Отовсюду к императору спешат вестники победы: вот скачет на коне серой масти герой легендарной атаки генерал Рапп, потерявший в схватке шляпу, в разорванном мундире генерал-адъютанта и с турецкой саблей (на самом деле от клинка остался лишь обломок), удерживаемой темляком на кисти, показывающий на захваченных кавалергардов в белых колетах и касках с пышными гребнями, среди которых князь Н.Г. Репнин-Волконский (вряд ли он мог так уверенно сидеть в седле, покрытый ранами) с обнаженной головой, в сопровождении рослого конногренадера в синем мундире и в высокой меховой шапке; повсюду в «кольбаках» и алых ментиках в рукава, верхом на гне-
дых лошадях, гарцуют гвардейские конные егеря, к которым простирает руки с мольбами лежащий на земле израненный австрийский артиллерист в коричневом сюртуке.

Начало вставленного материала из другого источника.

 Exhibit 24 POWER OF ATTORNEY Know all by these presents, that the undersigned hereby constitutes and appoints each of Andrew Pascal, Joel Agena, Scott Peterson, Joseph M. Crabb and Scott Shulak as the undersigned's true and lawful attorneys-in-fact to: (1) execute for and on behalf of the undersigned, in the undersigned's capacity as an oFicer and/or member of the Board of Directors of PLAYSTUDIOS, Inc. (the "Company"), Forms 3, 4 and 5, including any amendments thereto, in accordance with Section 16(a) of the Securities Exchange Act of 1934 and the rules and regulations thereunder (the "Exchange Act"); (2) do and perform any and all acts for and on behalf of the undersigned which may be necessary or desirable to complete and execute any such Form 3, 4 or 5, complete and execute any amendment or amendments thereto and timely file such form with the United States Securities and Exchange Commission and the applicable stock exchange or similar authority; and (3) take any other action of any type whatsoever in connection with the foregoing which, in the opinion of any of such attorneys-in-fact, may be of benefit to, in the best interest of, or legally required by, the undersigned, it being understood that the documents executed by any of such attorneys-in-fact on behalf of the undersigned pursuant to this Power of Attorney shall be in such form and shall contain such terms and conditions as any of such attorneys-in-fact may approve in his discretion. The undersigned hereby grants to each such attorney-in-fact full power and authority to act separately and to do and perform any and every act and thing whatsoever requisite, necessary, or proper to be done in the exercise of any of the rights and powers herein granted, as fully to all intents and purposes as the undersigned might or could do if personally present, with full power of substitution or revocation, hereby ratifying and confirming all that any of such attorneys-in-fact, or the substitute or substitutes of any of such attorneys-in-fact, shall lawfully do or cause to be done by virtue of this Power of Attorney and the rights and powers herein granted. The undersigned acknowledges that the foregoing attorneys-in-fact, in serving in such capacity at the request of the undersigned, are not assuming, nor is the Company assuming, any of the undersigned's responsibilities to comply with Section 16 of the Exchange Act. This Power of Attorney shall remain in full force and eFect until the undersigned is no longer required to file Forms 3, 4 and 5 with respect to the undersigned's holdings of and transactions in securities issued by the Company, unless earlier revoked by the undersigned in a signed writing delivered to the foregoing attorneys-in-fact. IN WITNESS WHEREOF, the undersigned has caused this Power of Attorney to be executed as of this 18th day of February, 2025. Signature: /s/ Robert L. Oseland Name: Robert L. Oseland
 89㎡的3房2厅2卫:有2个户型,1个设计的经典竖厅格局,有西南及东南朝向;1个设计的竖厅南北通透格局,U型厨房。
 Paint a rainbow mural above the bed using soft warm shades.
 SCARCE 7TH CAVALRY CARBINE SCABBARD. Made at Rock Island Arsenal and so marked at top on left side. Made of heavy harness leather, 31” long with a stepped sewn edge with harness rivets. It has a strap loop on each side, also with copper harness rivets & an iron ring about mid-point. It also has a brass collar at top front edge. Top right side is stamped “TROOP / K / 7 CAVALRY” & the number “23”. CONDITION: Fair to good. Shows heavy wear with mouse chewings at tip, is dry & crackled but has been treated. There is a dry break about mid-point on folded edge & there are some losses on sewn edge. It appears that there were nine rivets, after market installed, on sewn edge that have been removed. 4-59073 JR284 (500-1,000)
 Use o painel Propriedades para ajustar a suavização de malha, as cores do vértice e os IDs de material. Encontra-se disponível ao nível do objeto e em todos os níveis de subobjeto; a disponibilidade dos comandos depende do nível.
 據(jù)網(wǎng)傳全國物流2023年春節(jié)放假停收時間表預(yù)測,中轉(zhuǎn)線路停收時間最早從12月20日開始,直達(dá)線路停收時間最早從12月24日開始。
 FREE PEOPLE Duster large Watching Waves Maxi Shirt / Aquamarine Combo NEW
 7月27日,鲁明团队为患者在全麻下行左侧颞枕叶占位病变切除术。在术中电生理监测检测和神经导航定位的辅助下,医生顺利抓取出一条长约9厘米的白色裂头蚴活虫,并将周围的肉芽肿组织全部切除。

Экзотично выглядят помещенные Жераром на холсте мамелюки Императорской гвардии, из которых привлекает внимание тот, что сошел со своего павшего на землю от ран, с диким взором издающего последний вздох скакуна в богатом убранстве. Воинственный хозяин коня остался в истории — это армянин Мустафа Багдун из Багдада, поднявший вверх трофейный русский штандарт, в традиционной одежде (белая чалма вокруг алого головного убора-«тарбуша», расширяющиеся на концах манжеты рубахи, жилетка и «шальвары», кинжал-«симитар» за кушаком и лядунка, подвешенная на шелковом шнуре). Преследуя отходящие русские Л.-гв. Преображенский и Семеновский полки, рота мамелюков захватила не менее 120 человек в плен, несколько пушек роты гвардейской конной артиллерии (В.Г. Костенецкого) и успела поучаствовать в общей кавалерийской свалке. Восточные всадники за свои подвиги удостоились в следующем году «орла» с почетной надписью «Аустерлиц», которого гордо несли на всех парадах и смотрах в окружении своих традиционных бунчуков.

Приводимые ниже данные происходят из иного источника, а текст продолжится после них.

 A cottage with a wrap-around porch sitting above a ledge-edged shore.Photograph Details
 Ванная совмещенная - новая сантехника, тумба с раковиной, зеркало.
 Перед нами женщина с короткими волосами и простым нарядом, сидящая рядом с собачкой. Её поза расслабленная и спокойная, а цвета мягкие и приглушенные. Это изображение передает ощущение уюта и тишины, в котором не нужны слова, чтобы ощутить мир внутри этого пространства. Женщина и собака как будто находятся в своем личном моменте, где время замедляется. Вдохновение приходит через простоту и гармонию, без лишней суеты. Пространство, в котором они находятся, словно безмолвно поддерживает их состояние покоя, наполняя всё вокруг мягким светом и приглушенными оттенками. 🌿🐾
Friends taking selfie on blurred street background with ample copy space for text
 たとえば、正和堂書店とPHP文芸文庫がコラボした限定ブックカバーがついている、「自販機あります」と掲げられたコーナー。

Воплощение полководческого гения Наполеона, созданное Жераром, осталось непревзойденным, чему есть свидетельства. Полтора десятилетия спустя А.И. Тургенев передал свои впечатления при виде этой монументальной фрески: «В 2 часа живописец Жерар ожидал нас в своей мастерской. Тут увидел я картины и портреты, о коих так часто слыхал. Сражение под Аустерлицем. Портрет к<нязя> Репнина, верхом, в плену, и раненого офицера, в виде к<нязя> Николая Гагарина, который служил не Марсу, а m-lle Mars в то время, как Жерар предавал его бессмертию в своей картине. Il servait non Dieu Mars, mais une divinité du même nom, dans ce tems (фр. «Он служил не богу Марсу, но божеству, носившему то же имя в эту эпоху». — О. Ш.), подумал я» [11, с. 388].

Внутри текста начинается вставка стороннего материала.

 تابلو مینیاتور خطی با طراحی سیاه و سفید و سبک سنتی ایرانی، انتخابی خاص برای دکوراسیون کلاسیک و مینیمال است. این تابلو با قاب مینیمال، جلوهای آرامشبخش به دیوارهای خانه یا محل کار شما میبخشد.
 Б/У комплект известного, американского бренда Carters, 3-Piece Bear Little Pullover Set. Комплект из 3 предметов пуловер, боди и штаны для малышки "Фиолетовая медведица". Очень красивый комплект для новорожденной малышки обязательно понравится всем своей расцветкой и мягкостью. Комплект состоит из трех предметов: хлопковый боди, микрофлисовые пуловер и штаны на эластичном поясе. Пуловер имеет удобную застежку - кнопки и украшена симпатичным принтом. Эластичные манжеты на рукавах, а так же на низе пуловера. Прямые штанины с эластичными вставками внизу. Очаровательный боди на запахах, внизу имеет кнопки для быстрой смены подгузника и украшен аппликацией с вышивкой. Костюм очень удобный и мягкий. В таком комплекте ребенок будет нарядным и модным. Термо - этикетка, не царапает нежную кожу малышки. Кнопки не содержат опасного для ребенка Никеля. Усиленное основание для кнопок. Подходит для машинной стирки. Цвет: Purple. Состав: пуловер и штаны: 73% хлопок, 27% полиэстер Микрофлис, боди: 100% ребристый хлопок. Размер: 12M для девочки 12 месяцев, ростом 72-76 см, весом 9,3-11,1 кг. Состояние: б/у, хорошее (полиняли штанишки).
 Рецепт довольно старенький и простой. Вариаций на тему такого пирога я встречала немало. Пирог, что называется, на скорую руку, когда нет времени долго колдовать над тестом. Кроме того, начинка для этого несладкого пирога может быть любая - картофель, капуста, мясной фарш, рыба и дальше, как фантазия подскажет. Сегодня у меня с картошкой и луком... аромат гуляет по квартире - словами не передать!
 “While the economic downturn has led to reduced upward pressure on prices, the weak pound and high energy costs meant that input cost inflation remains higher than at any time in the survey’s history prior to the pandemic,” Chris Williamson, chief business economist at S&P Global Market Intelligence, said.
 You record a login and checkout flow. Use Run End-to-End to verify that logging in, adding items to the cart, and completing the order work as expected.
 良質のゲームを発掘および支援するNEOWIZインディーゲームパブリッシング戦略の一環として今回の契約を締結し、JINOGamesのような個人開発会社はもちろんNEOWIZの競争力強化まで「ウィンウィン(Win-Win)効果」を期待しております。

Первенство среди портретных работ Жерара следует отдать изображению самого Наполеона на фоне замка Мальмезон, являвшегося его излюбленным местом отдыха. Тридцатипятилетний Первый консул, в скором времени возложивший на себя императорскую корону, предстает прогуливающимся по парковой аллее, таким, каким его запомнили люди из ближайшего
окружения. Личный секретарь Меневаль сообщает: «Наполеон был небольшого роста, примерно 167 сантиметров, но крепкого телосложения, хотя верхняя часть тела была несколько удлиненной. У него была крупная голова, короткая шея и широкие плечи. Его ноги были стройными, а ступни маленькими и хорошей формы. Лоб у него был высоким и широким, серые глаза с пронизывающим взглядом были удивительно подвижными; нос был прямым и хорошей, четкой формы. Кожа была гладкой, цвет лица бледным, но то была бледность, которая указывает на хорошую циркуляцию крови. Его прекрасные каштановые волосы, которые он во время экспедиции в Египет носил длинными, сейчас подверглись короткой стрижке. Овал его лица и все черты были удивительно правильными». Констан Вери, камердинер Наполеона, добавляет несколько штрихов: «На мундире он носил звезду Почетного легиона и два креста Железной короны (так в тексте, хотя правильно: «звезду и два креста Почетного легиона и Железной короны». — О. Ш.), под ним на жилете — красную ленту, концы которой высовывались из-под мундира. Его шляпа, чрезвычайно красивая и очень легкая, была подбита шелком и ватой, на ней он не носил ни кисточек для украшения, ни плюмажа, но просто узкую гладкую шелковую ленту и маленькую трехцветную кокарду...» [8, с. 58, 146].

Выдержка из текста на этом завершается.